Rehabilitation Center, Shengjing Hospital Affiliated to China Medical University, Shenyang, Liaoning, China.
Front Immunol. 2023 Jun 14;14:1153516. doi: 10.3389/fimmu.2023.1153516. eCollection 2023.
After spinal cord transection injury, the inflammatory microenvironment formed at the injury site, and the cascade of effects generated by secondary injury, results in limited regeneration of injured axons and the apoptosis of neurons in the sensorimotor cortex (SMC). It is crucial to reverse these adverse processes for the recovery of voluntary movement. The mechanism of transcranial intermittent theta-burst stimulation (iTBS) as a new non-invasive neural regulation paradigm in promoting axonal regeneration and motor function repair was explored by means of a severe spinal cord transection.
Rats underwent spinal cord transection and 2 mm resection of spinal cord at T10 level. Four groups were studied: Normal (no lesion), Control (lesion with no treatment), sham iTBS (lesion and no functional treatment) and experimental, exposed to transcranial iTBS, 72 h after spinal lesion. Each rat received treatment once a day for 5 days a week; behavioral tests were administered one a week. Inflammation, neuronal apoptosis, neuroprotective effects, regeneration and synaptic plasticity after spinal cord injury (SCI) were determined by immunofluorescence staining, western blotting and mRNA sequencing. For each rat, anterograde tracings were acquired from the SMC or the long descending propriospinal neurons and tested for cortical motor evoked potentials (CMEPs). Regeneration of the corticospinal tract (CST) and 5-hydroxytryptamine (5-HT) nerve fibers were analyzed 10 weeks after SCI.

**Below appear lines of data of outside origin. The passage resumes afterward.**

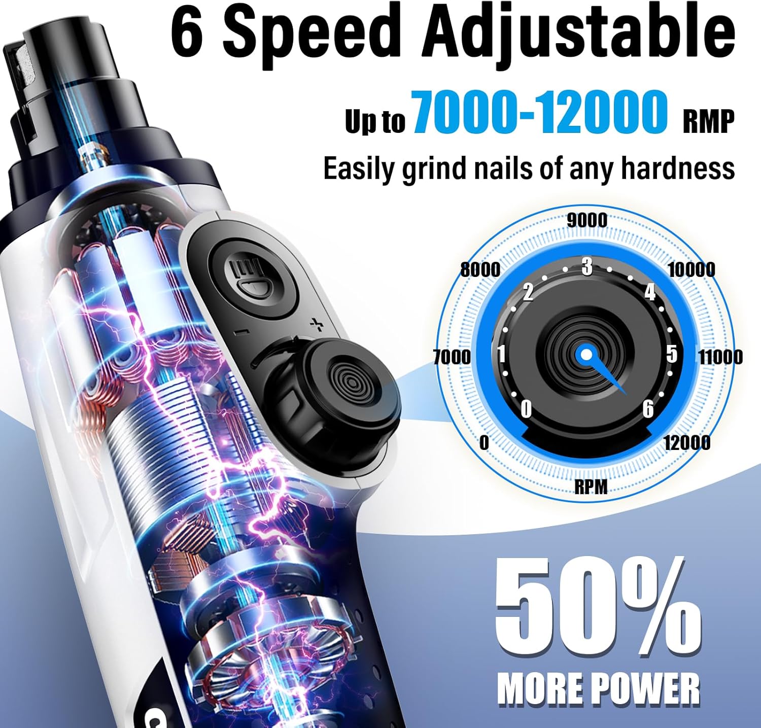• 【Adjustable 6 Speeds for Perfect Precision】 With speeds from 7000 to 12000 RPM, the Casfuy electric dog nail file is one of the most powerful on the market. It offers 6 speed levels, each featuring 9 variable power settings. The smart optimization ensures that every speed delivers the ideal power for small, medium, and large pets’ nail care. Experience the perfect blend of power and precision.
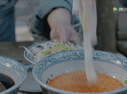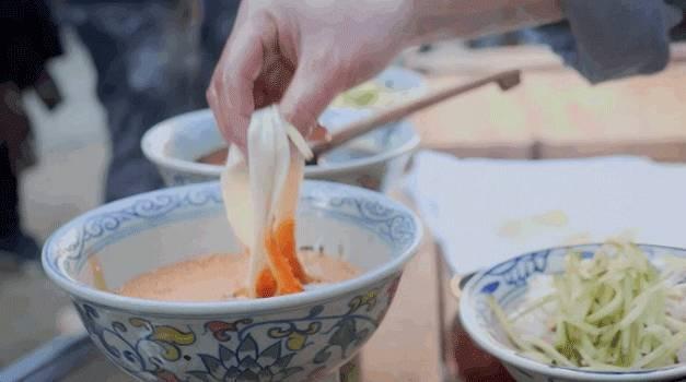 后面到了集市上,就是凉皮的镜头。大刀切凉皮,霸气得很有木有!?不是所有的地方都这么切吧~特别是师傅拿着凉皮往红油里一蘸的时候,周莹的眼睛都看直了!
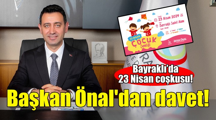 Bayrakl? Belediye Ba?kan? ?rfan Önal, “Ulu Önder Mustafa Kemal Atatürk’ün çocuklara arma?an etti?i 23 Nisan’da gelece?imizin teminat? çocuklar?m?zla bulu?aca??z. Onlar?n bir tebessümü, mutlulu?u her ?eye de?er. Bu anlay??la çocuklar?n gününde onlar için özel bir organizasyon haz?rlad?k. Gösteriler, ?ovlar, konserler, yar??malar ve ikramlarla dolu dolu bir bayram geçirece?iz. Mazbatam?z? ald?ktan sonraki ilk ulusal bayram?m?z? sevgili çocuklar?m?zla birlikte co?kuyla kutlayaca??z. Her y?l etkinliklerimizi büyütece?iz. En güzel bayramlar Bayrakl?’da ya?anacak. Etkinliklerimize tüm çocuklar?m?z? bekliyoruz” dedi.
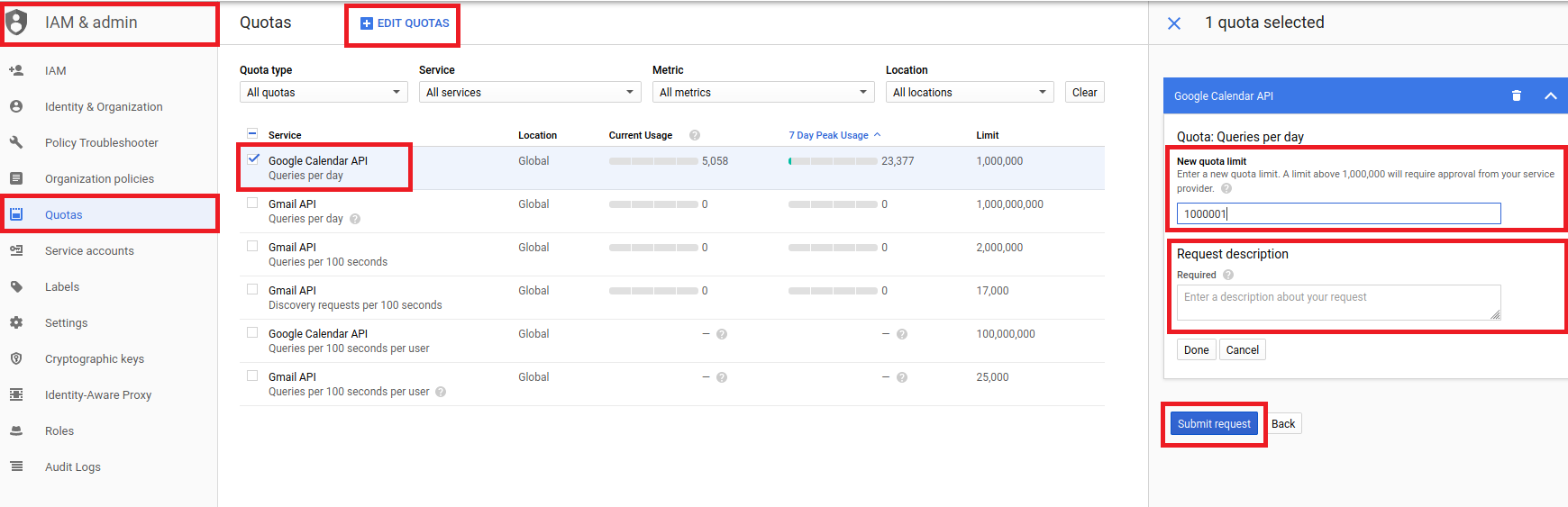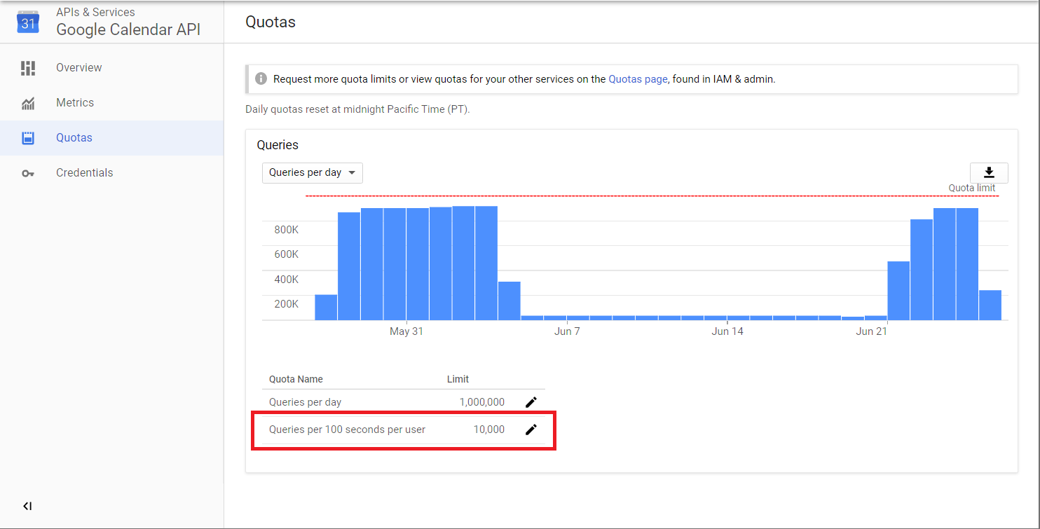 4. Updating the quota for the number of user requests per 100 seconds.
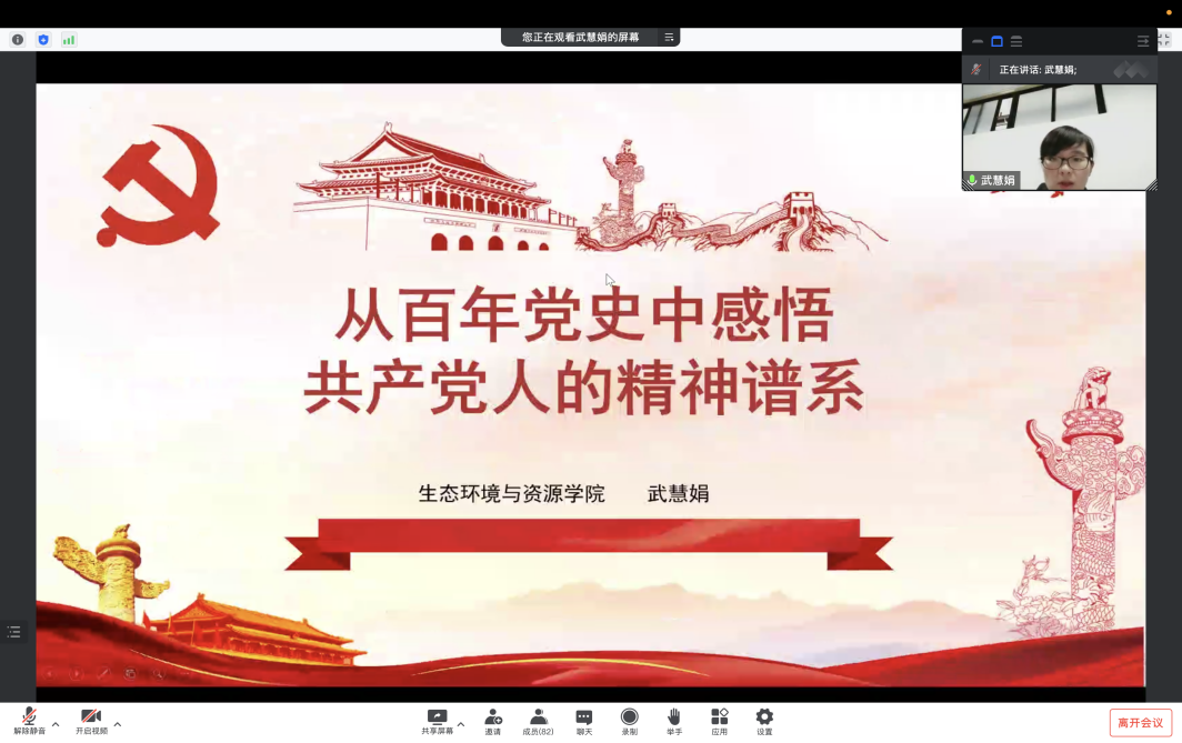 会中,各小组结合所学专业进行了讨论了汇报。学员们纷纷表示:理想、情怀、奉献、奋斗、创新这些关键词,犹如一根根红线贯穿于中国共产党精神谱系之中,指引方向,催人奋进。作为新时代的青年,要用脚步丈量祖国大地,用眼睛发现中国精神,用耳朵倾听人民呼声,用内心感应时代脉搏,把对祖国血浓于水、与人民同呼吸共命运的情感贯穿于学业全过程、融汇在对事业的追求中。
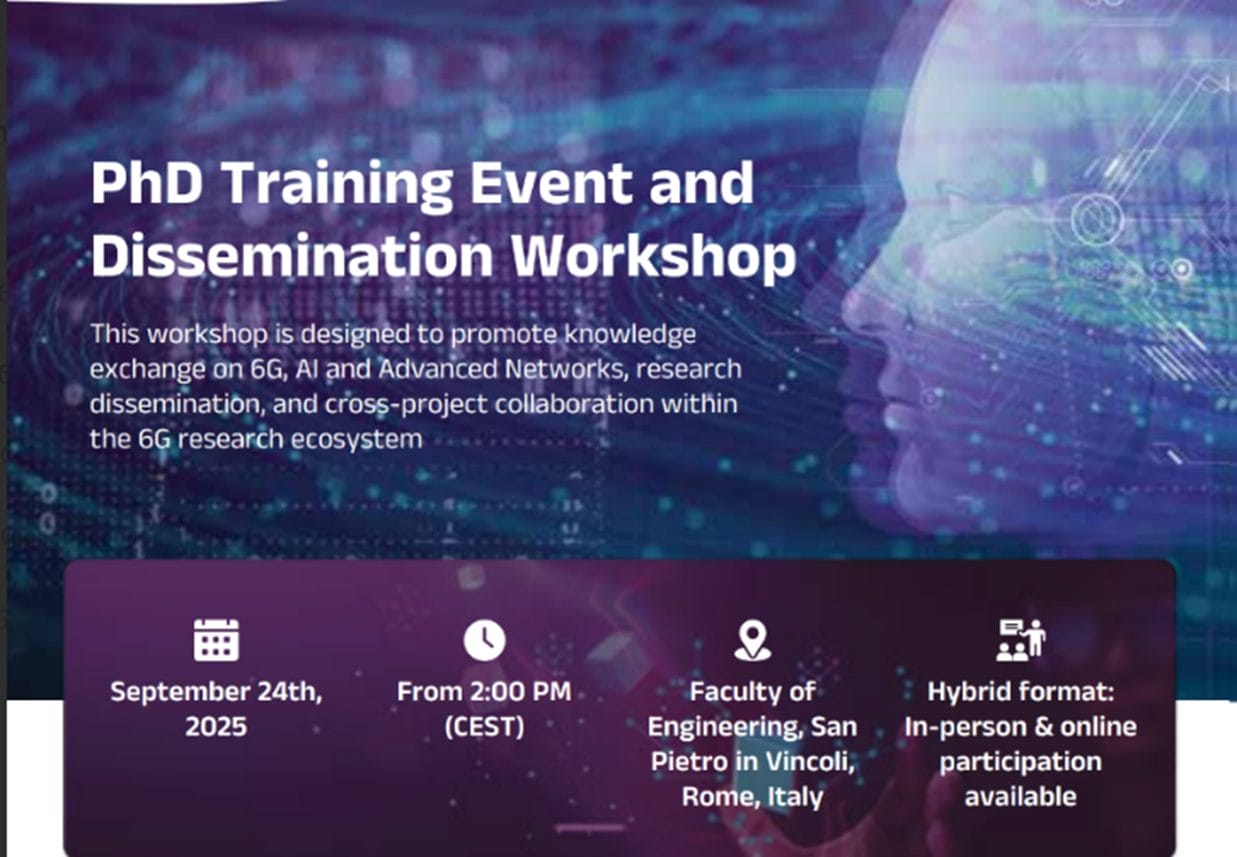On 24 September 2025, ADROIT6G held a hybrid PhD Training and Dissemination Workshop at the Faculty of Engineering, San Pietro in Vincoli, Rome. The event promoted knowledge exchange on 6G, AI, and advanced networks, encouraged cross-project collaboration, and offered certificates of attendance for potential ECTS recognition. Organized with CNIT and guided by Sergio Barbarossa, Carla Fabiana Chiasserini, and Antonella Molinaro, the workshop welcomed researchers and PhD students from across the 6G ecosystem.
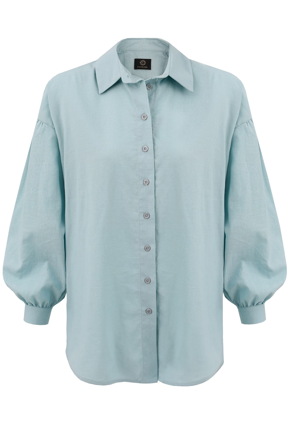 The Summer linen shirt pale turquoise is a loose oversized shirt. The shirt has dropped shoulders, a rounded hem, slightly gathered puff sleeves finished with an elegant single-button cuff. The shirt has natural pearl buttons. It is made of linen, cotton and viscose fabrics. The shirt is perfect for summer, with trousers or shorts.
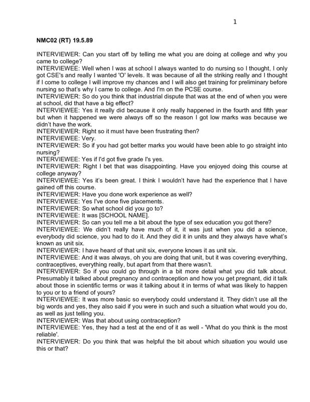 Interview with Diane, 16-17, White British, working class. Women, Risk and AIDS Project, Manchester, 1989. Anonymised version (Ref: NMC02)
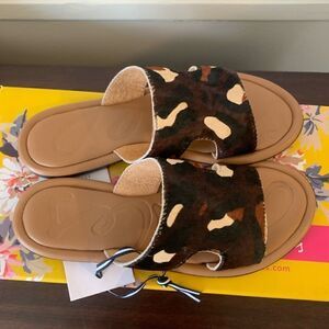 Joules Avondale boho chockleoprd leopard print slip-on Leather sandal size 5
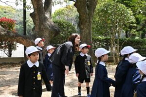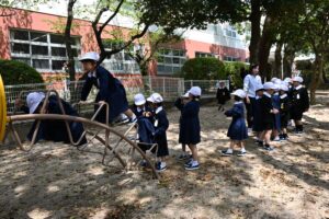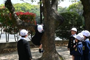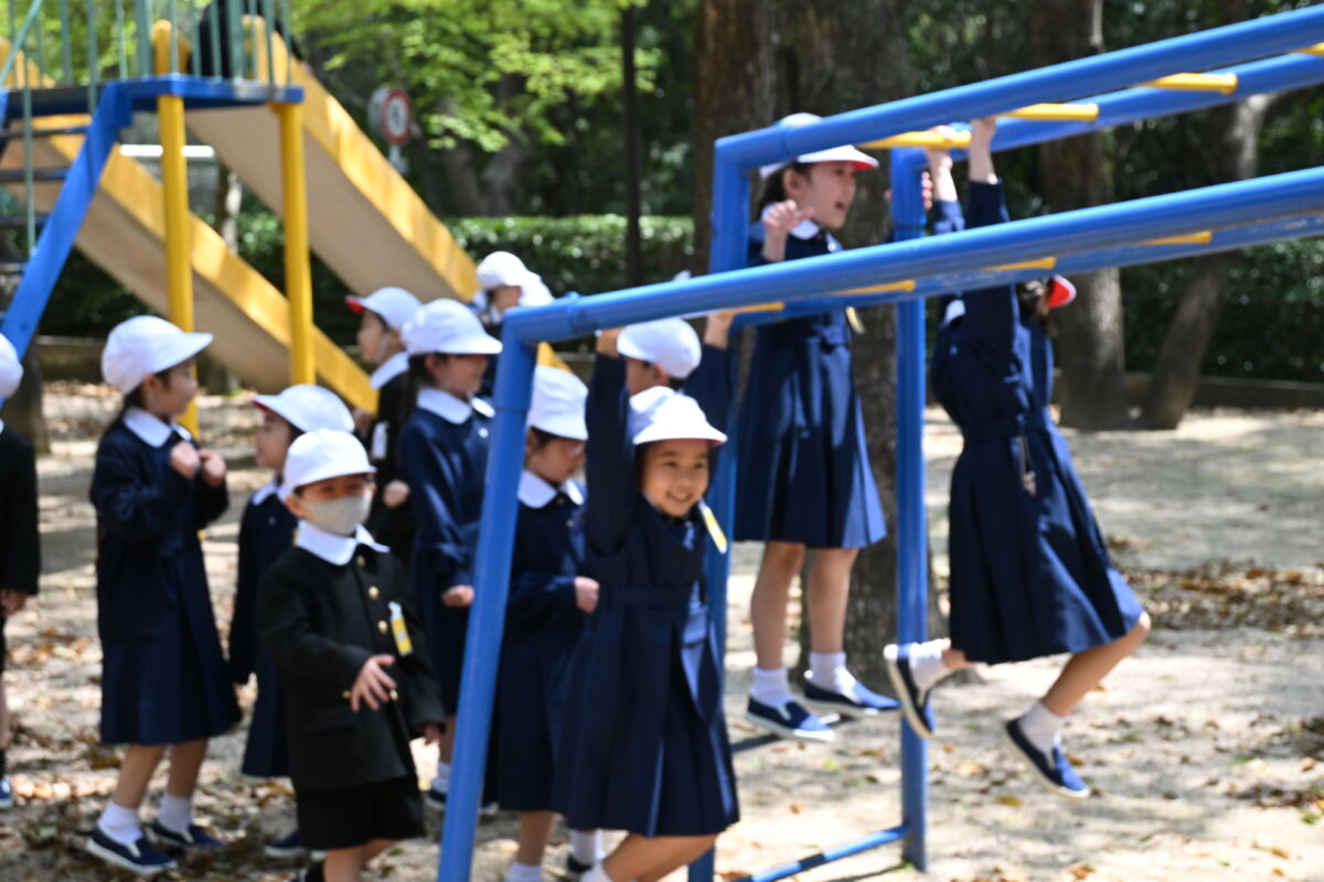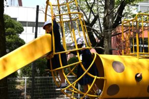 1年生も午後の授業が始まり、この日のお弁当のあとはみんなで初めて「きりんの森」で遊びました。きりんの滑り台があるので「きりんの森」と呼ばれる低学年用の遊び場です。木登り、雲梯などにもチャレンジする子どもたちもいましたが、一番人気はやはり「きりんの滑り台」でした。入学から1週間たち、お話できたり、遊ぶときに誘ったりできる友達ができてきたようです。
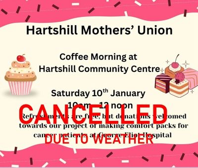 Unfortunately, we had to cancel the coffee morning on 10th January due to heavy snowfall the previous day. Nick M. has suggested that we rearrange it for the 21st February, to coincide with a planned Church Project event. Please let me know if you would be willing/able to assist with this.
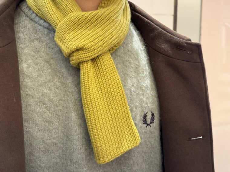 ステンカラーコートはフリースメルトン素材で、軽さと肌触りのよさが魅力です。FRED PERRY別注のクルーネックニットは毛足が長く、柔らかいタッチが特徴的です。
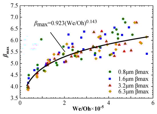 Experimental data and model prediction of βmax by the new empirical formula of droplet impinging on four different roughness surfaces.

When compared to the Control group, the iTBS group showed a reduced inflammatory response and reduced levels of neuronal apoptosis in the SMC when tested 2 weeks after treatment. Four weeks after SCI, the neuroimmune microenvironment at the injury site had improved in the iTBS group, and neuroprotective effects were evident, including the promotion of axonal regeneration and synaptic plasticity. After 8 weeks of iTBS treatment, there was a significant increase in CST regeneration in the region rostral to the site of injury. Furthermore, there was a significant increase in the number of 5-HT nerve fibers at the center of the injury site and the long descending propriospinal tract (LDPT) fibers in the region caudal to the site of injury. Moreover, CMEPs and hindlimb motor function were significantly improved.
Neuronal activation and neural tracing further verified that iTBS had the potential to provide neuroprotective effects during the early stages of SCI and induce regeneration effects related to the descending motor pathways (CST, 5-HT and LDPT). Furthermore, our results revealed key relationships between neural pathway activation, neuroimmune regulation, neuroprotection and axonal regeneration, as well as the interaction network of key genes.
脊髓损伤后,损伤部位形成的炎症微环境,以及继发性损伤产生的级联效应,导致损伤轴突的再生受限和感觉运动皮层(SMC)神经元的凋亡。逆转这些不利过程对于恢复自主运动至关重要。通过严重的脊髓横断损伤,探讨了经颅间歇 theta 爆发刺激(iTBS)作为一种新的非侵入性神经调节范式促进轴突再生和运动功能修复的机制。
大鼠行 T10 水平脊髓横断和 2mm 脊髓切除术。研究了 4 组:正常(无损伤)、对照(损伤无治疗)、假 iTBS(损伤无功能治疗)和实验组,在脊髓损伤后 72 小时暴露于经颅 iTBS。每组大鼠每周接受 5 天、每天 1 次的治疗;每周进行 1 次行为测试。通过免疫荧光染色、western blot 和 mRNA 测序,确定脊髓损伤(SCI)后的炎症、神经元凋亡、神经保护作用、再生和突触可塑性。对于每只大鼠,从 SMC 或长下行 propriospinal 神经元中获取顺行追踪,并测试皮质运动诱发电位(CMEPs)。SCI 后 10 周分析皮质脊髓束(CST)和 5-羟色胺(5-HT)神经纤维的再生情况。
与对照组相比,治疗后 2 周,iTBS 组 SMC 的炎症反应和神经元凋亡水平降低。SCI 后 4 周,iTBS 组损伤部位的神经免疫微环境得到改善,神经保护作用明显,包括促进轴突再生和突触可塑性。iTBS 治疗 8 周后,损伤部位近端 CST 再生明显增加。此外,损伤中心的 5-HT 神经纤维和损伤部位远端的长下行 propriospinal 纤维(LDPT)数量显著增加。此外,CMEPs 和后肢运动功能明显改善。
神经元激活和神经追踪进一步证实,iTBS 有潜力在 SCI 的早期阶段提供神经保护作用,并诱导与下行运动通路(CST、5-HT 和 LDPT)相关的再生作用。此外,我们的结果揭示了神经通路激活、神经免疫调节、神经保护和轴突再生之间的关键关系,以及关键基因的相互作用网络。